The stack algorithm can already yield 16 blue/red cards in a row or 8 white cards in a row (more if you count bonus cards). It very rarely does this of course (about one in 350,000 two-stack sequences will have either 16 blue/red or 8 white in a row), but it's possible. The pure random algorithm would yield these longer streaks more often of course, an inevitable consequence of having an IID memory-less algorithm, but it's still pretty rare: about 1 / 1300 to get 16 colored cards in a row. (A game to 768 takes about 320 moves I think, so you'd get a streak like this every 4 games or so.) On the other hand, the algorithm could still be tuned based on what's on the board, with a higher probability of a 3 if more colored cards are on the board or vice versa, and still be memory-less and thus not countable. I wonder if most historical Tetris implementations have been purely random, or whether any of them enforced a more even distribution? In the early days of iTunes, Apple was criticized for its shuffle algorithm being "not random enough", so they had to add measures to even out the distribution of songs. It's funny how the perception and reality of randomness are often quite different.
Amen. Another amazing quote which goes in a similar direction: This is from the book "Thinking, Fast and Slow" that I mentioned earlier. Back to topic: By showing how much tuning and fiddling you have to do with a probabilistic, memoryless algorithm you're nicely demonstrating the Okkam's Razor argument for the stack algorithm.
Shouldn't we test which position the new card "spawns" at from an objective point of view too? Perhaps there is a bias towards one corner of the board.
By mere coincidence, I stumbled upon a video by 148apps with both aeiowu and AsherVo giving live comments: http://www.youtube.com/watch?v=rhdbsNOwUNU At 14:00 aeiowu basically confirms the "spawn space is chosen at random from candidates"-theory. Or he was lying. Edit: The coincidences continue with Veritasium just posting a video relevant to our endeavor: http://www.youtube.com/watch?v=vKA4w2O61Xo
Is there anything left to do then? Also, can the incredible AI ever get 6144's and higher consistently or it at it's peak, given the randomness and time needed to do the lookaheads?

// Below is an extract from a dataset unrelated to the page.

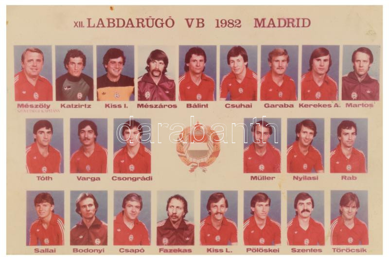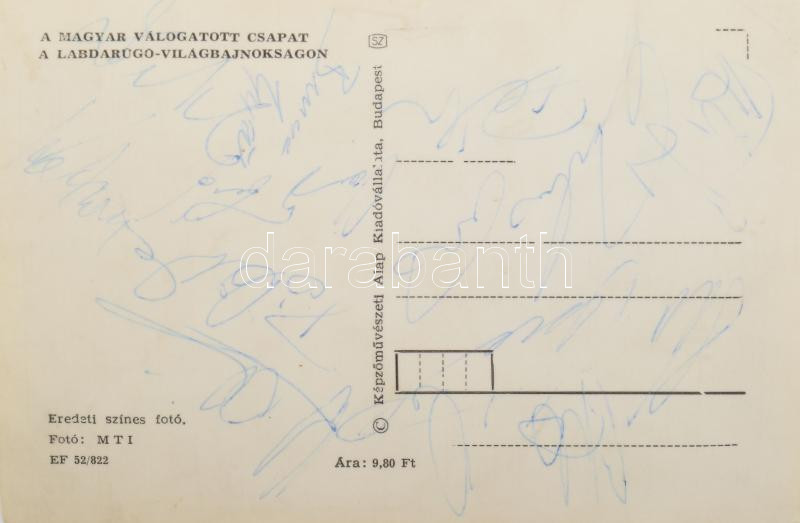1982 A magyar labdarúgó válogatott által aláírt és hazaküldött képeslap Sydneyből a Sydney Olimpic elleni mérkőzésről. Mészőly, Pölöskei, Katzirz Béla, Szántó Gábor, Kerekes Attila, Garaba Imre, Tóth József. Rab Tibor, Törőcsik András, Csongrádi Ferenc, Bodonyi Béla, Kiss László / Hungarian football team autograph signed postcard

And here are the results over 100 simulations. 384: 100% 768: 99% (was 98%) 1536: 80% (was 67%) 3072: 20% (was 10%) 6144: 2% (was 0%) median score = 87,030 max score = 622,722 so adding one lookahead step effectively doubled the ability to reach the 3072 card.
Well, first of all, we haven't answered the question about the minimum number of cards yet. Everybody suspects 7 to be correct but nobody was able to prove it. Then there is an endless possibility of fan-projects like Kickstarting plushy-versions of all 12 characters or fridge magnets or And lastly: as long as you can't get a 6144 and all the hidden achievements legitimately you are not finished with the game yet. I can't remember how many lookaheads he's doing right now (I think 2 with with new cards and 2 without) but at some point the exponential effort to compute an additional lookahead will outweigh its usefulness.

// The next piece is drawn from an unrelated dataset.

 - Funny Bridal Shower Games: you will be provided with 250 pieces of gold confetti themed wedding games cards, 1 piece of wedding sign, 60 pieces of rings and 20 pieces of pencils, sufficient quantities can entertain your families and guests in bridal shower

With purely random moves, over 100,000 attempts: Never went above 192, and reached 192 only 15 times. The median score was just 228, with max card 24. It also got exactly 1 ThreeLock, which is kind of interesting. So making random moves is definitely not a good strategy Right, I didn't have time to try this. Just removing the lookahead, and changing the scoring to only reward empty spaces (thus favoring merging), over 100,000 attempts: Never went above 384, and reached 384 only 11 times. Median score 420, with max card 48.
Nicola, are you taking requests? Try having it slide in one direction repeatedly until it can't, then repeatedly with the next direction clockwise (i.e. start sliding up, when up doesnt work slide right, etc.).

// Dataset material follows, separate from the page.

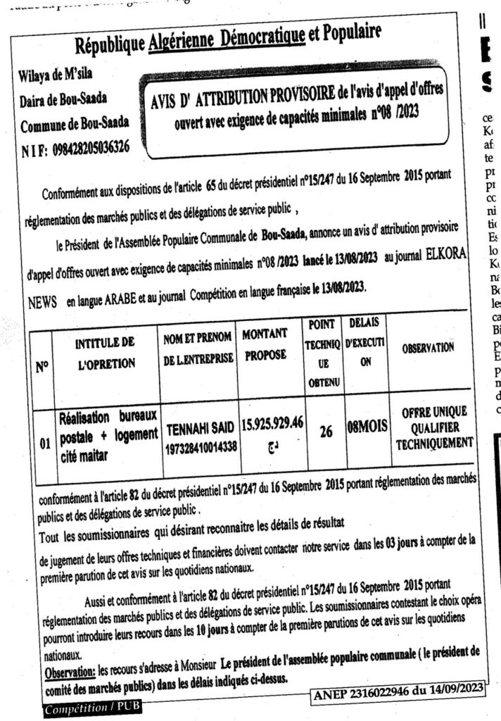 Avis d’attribution provisoire de l’avis d’appel d’offres ouvert N°08/2023 Commune de Bou Saada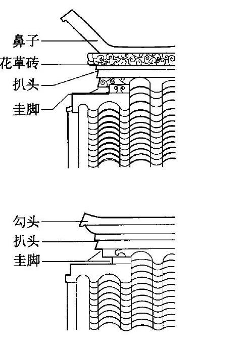 斜脊(垂脊,戧脊),垂獸(戧獸),小獸(走獸)

Well, no obvious surprises then, Nicola. So that would seem to confirm your simulation is accurate. Thanks for the effort.
If you have time Nicola I really think this would prove once and for all how insane your AI is. Do one of the most intense versions of you algorithm and play out the choices on a board. Unless you wanted to wait until the + card update that is.
Hello everybody, I've been following the thread for over a week... really awesome work here. Kamikaze28's work to uncover the pattern of card drawing, Nicola's algorithm, AsherVo's visit to the thread... well, very nice. I have been developing my own algorithm to play Threes!, but my attempt is dwarfed by Nicola's I have to congratulate Nicola's achievements with the program. What he does might look easy, specially by the way he describes it, but it isn't. So... I have a couple of questions. I check the leaderboards and see outrageous scores: the first six have scores of 99 million. I also see that Scorpion_008 has 44M, is it the same Scorpion008 that is in this thread? There must be some cheaters in the list If there are cheater's, why not delete them? This is just in case AsherVo is reading A few months back Apple introduced the section "Manage Scores and Players" where developers can delete scores and ban players. And this brings the questions... 1) What is the maximum card? 6144? In the High Card leaderboard I see people with high cards like 98304, 49152, 24576, 12288! In the achievement's table there is only space for up to the 6144 card. Is the 12288 card possible to achieve? 2) There must be a limit to the maximum card achievable, isn't it? What is it? 3) And what is the maximum score possible?